Snapshot isolation isn't as robust and straightforward as strict serializability, but it also isn't as performant as READ COMMITTED. It seems like the worst of both worlds.
by runlaszlorun on 4/27/23, 6:08 AM
As an aside, Andy Pavlo (one the authors here) has his CMU database course videos up on YouTube and they are tremendous. I’ve spent 2 decades developing web applications but am not exaggerating when I say that I’m 10x more knowledgable on databases having watched his courses during Covid.
by avinassh on 4/27/23, 5:05 AM
This was a fun read. But now I have a couple of questions
1. Since MySQL keeps delta to save storage costs, wouldn't read and writes slower because now I have to build the full version from the delta
2. On secondary indexes, they highlight the reads will be slower and also say:
> Now this may make secondary index reads slower since the DBMS has to resolve a logical identifier, but these DBMS have other advantages in their MVCC implementation to reduce overhead.

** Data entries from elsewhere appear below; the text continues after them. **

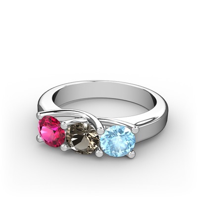Rodolit garnet, dumanlı kuvars ve akuamarin 14 ayar beyaz altın yüzük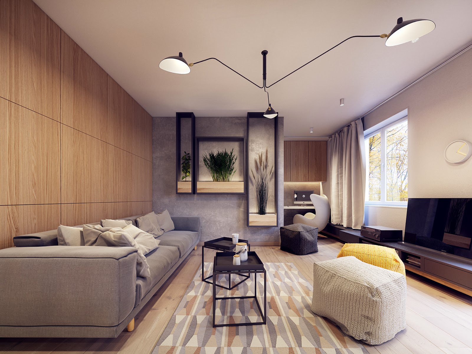 Современный интерьер квартиры в стиле 60-х, разработанный студией Plasterlina, построен на контрастах темного и светлого дерева, который одновременно успокаивает и создает необходимое уединение в открытом пространстве кухни-гостиной. Благодаря креативному подходу дизайнерам удалось решить проблему небольшой квартиры, разделив ее на уютные и функциональные зоны кухни, гостиной и рабочего кабинета.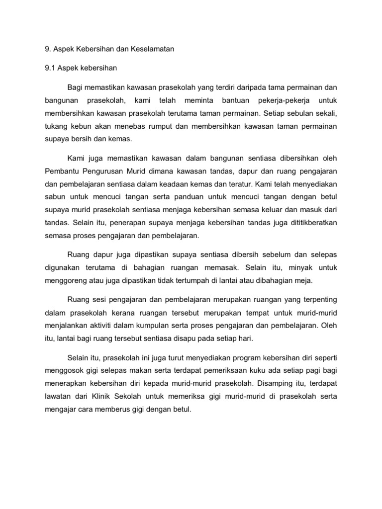 Kesihatan fizikal a Kebersihan diri 1 Murid murid mestilah diajar tentang kebersihan diri yang ditetapkan di dalam kurikulum sekolah. Kajian menujukkan kanak kanak dengan kemahiran pertuturan dan bahasa yang baik lebih bersedia untuk menerima pelajaran khasnya mereka lebih bersedia dan lebih mudah untuk belajar membaca dan menulis. Beberapa aktiviti kemahiran Kesihatan Diri boleh dijalankansamaada melalui pendidikan formal dan tidak formal di sekolah.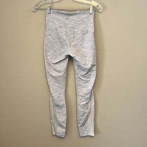 Comfortable gray high-waisted leggings. Perfect for workouts or casual wear.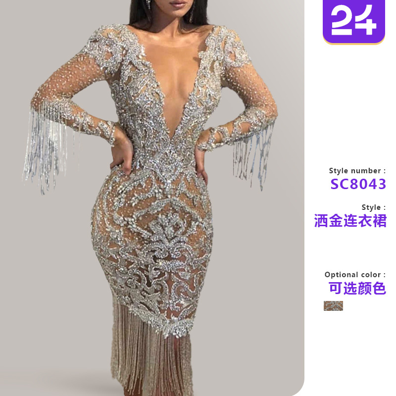 Gaun wanita lintas batas Eropa dan Amerika baru pakaian wanita perjamuan wanita seksi gaun malam jala panjang elegan untuk wanita 2024

What are the other advantages they have to make reads faster?
Compared to MySQL, I remember reading that Postgres MVCC lets you alter the table without locking. Now I found out that MySQL also does not require locks. So, how are they doing?
Are there any similar posts which explain MySQL MVCC architecture?
by h1fra on 4/26/23, 8:20 PM
Once you figured out all the point in this article, it's a matter of fine tuning, can take some times but eventually it will works. The only thing I still struggle with is the Table Bloat.
On managed Postgres (i.e: gcp, aws) you pay for the disk, but when you can't run a VACUUM FULL because it locks the table, you end up with a lot of allocated storage for nothing and you can't shrink the disk size (at least on gcp). Storage is cheap but still feels like a waste.
by Ym9oYW4 on 4/26/23, 5:28 PM
So why Postgres chooses the worst MVCC design compared to MySQL and Oracle? Is this because of legacy reasons or other factors?
by no_wizard on 4/26/23, 6:21 PM
Can the MVCC implementation be swapped via Postgres extensions?
by vp8989 on 4/26/23, 7:58 PM
Am I correct in thinking that PG's MVCC implementation results in a worse story around offloading some mild OLAP workloads to a replica without affecting the primary? Anecdotally, it seems that MySQL handles this better but I don't understand the internals of both enough to explain why that is.
https://aws.amazon.com/blogs/database/manage-long-running-re...
by umairshahid on 5/1/23, 1:07 PM
Here is a rebuttal of many of the points raised by Uber against PostgreSQL: https://www.2ndquadrant.com/en/blog/thoughts-on-ubers-list-o...
by zeroimpl on 4/27/23, 2:03 AM
> Oracle and MySQL do not have this problem in their MVCC implementation because their secondary indexes do not store the physical addresses of new versions. Instead, they store a logical identifier (e.g., tuple id, primary key) that the DBMS then uses to look up the current version’s physical address.
This doesn’t have anything to do with MVCC. I’m sure PostgreSQL could implement an index format that piggybacks on another index rather than pointing at the physical page directly, without overhauling MVCC.
by Temporary_31337 on 4/27/23, 12:54 PM
I work for a db vendor and Acid compliance (also implemented with MVCC) is a big selling point. Yet, most use cases I later see don’t require such rigid controls on updates. This means customers are paying for this as transactionally consistent updates are more expensive than eventually consistent ones.
by kerblang on 4/26/23, 10:47 PM
Question: Why would I need more than one extra version of the same row? I would think that with transactional locking everybody else is waiting on the first update to commit before getting their own changes in, unless the db is somehow trying to lock columns-per-row instead of entire rows.
by jonsnow_dba on 4/27/23, 3:34 PM
We have MySQL/MariaDB in RDS and ever since we migrated MariaDB to 10.6.12 we get at least 1 table corruption per day. Only work around available is to restart database just like windows-95.